Balanced Score Card (BSC)
Access to healthcare of sufficient quality is critical to achieving Sustainable Development Goal 3 (“Ensure healthy lives and promote wellbeing for all at all ages”). While the HAUS monitors how refugees access and use healthcare, UNHCR’s balanced score card assesses the quality of services provided to refugees in primary healthcare facilities. The balanced score card allocates scores to a health facility in the following domains: services provided; staffing and coverage; equipment and supplies; quality of care; patient satisfaction. The balanced score care identifies gaps in healthcare inputs and capacities so that UNHCR and partners can develop targeted recommendations and monitor improvements over time. Based on balanced scorecard results, UNHCR supports the development and provision of appropriate staff capacity building, resources, technical support and documented good practices. Balance score cards are conducted at least annually and more frequently in case of low scores where clinics are in need of improvement.
Maternal Death Audits
Maternal death audits are a systematic and structured process to understand the medical and social reasons that contributed to maternal death. Preventing maternal deaths is a priority for UNHCR’s health programmes. UNHCR advocates for maternal death audits to take place within 48 hours of the death. The audit results are analyzed at the country, regional and global level so that healthcare providers and policymakers can better understand the causes and contributing factors in order to take steps to improve healthcare services and systems.

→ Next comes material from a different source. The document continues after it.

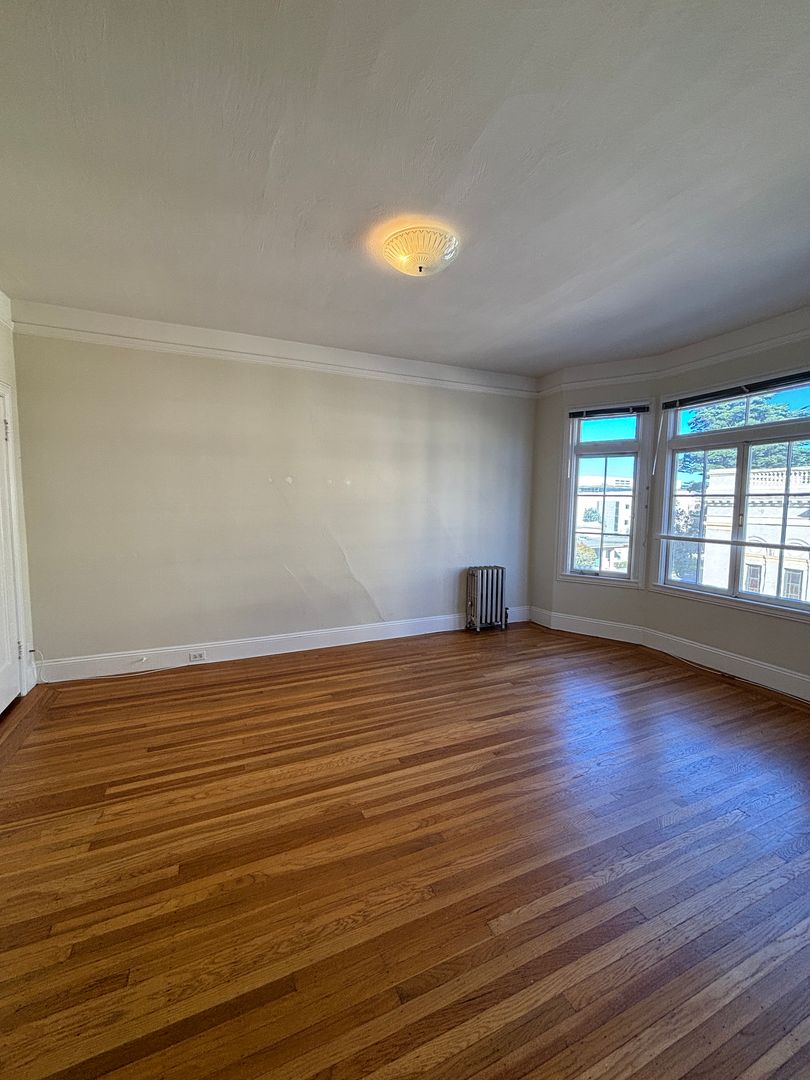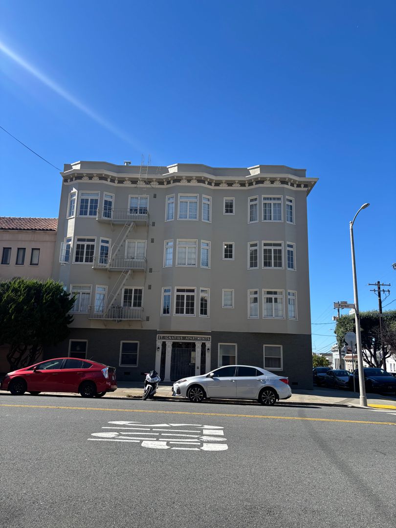 Bright studio near USF/Panhandle. This unit is located at the corner of Parker Street at McAllister Street. Unit has updated appliances, hardwood floors throughout, and plenty of storage. It is close to Golden Gate Park, USF campus, Haight St and public transportation.

Medical Referral Database (MRD)
Refugees with health needs that cannot be met at primary care level may be referred to secondary care often at hospital level. The medical referral database is a tool to track these refugees through the referral process to a hospital and back to the community. The system captures the reason for referral, the treatment provided, the outcome and costs. This tool supports the monitoring of the implementation of referral care programmes by partners. An online version of the database is under development in 2020 to be rolled out in 2021.
WASH Knowledge, Attitudes and Practices (KAP) Survey
The Water, Sanitation and Hygiene (WASH) Knowledge, Attitudes and Practices (KAP) reports on nine key household-level indicators on water collection and storage, drinking water hygiene, sanitation infrastructure and basic hygiene knowledge and behaviours. The resulting data is critical to inform design, monitoring and implementation of WASH programmes for refugees.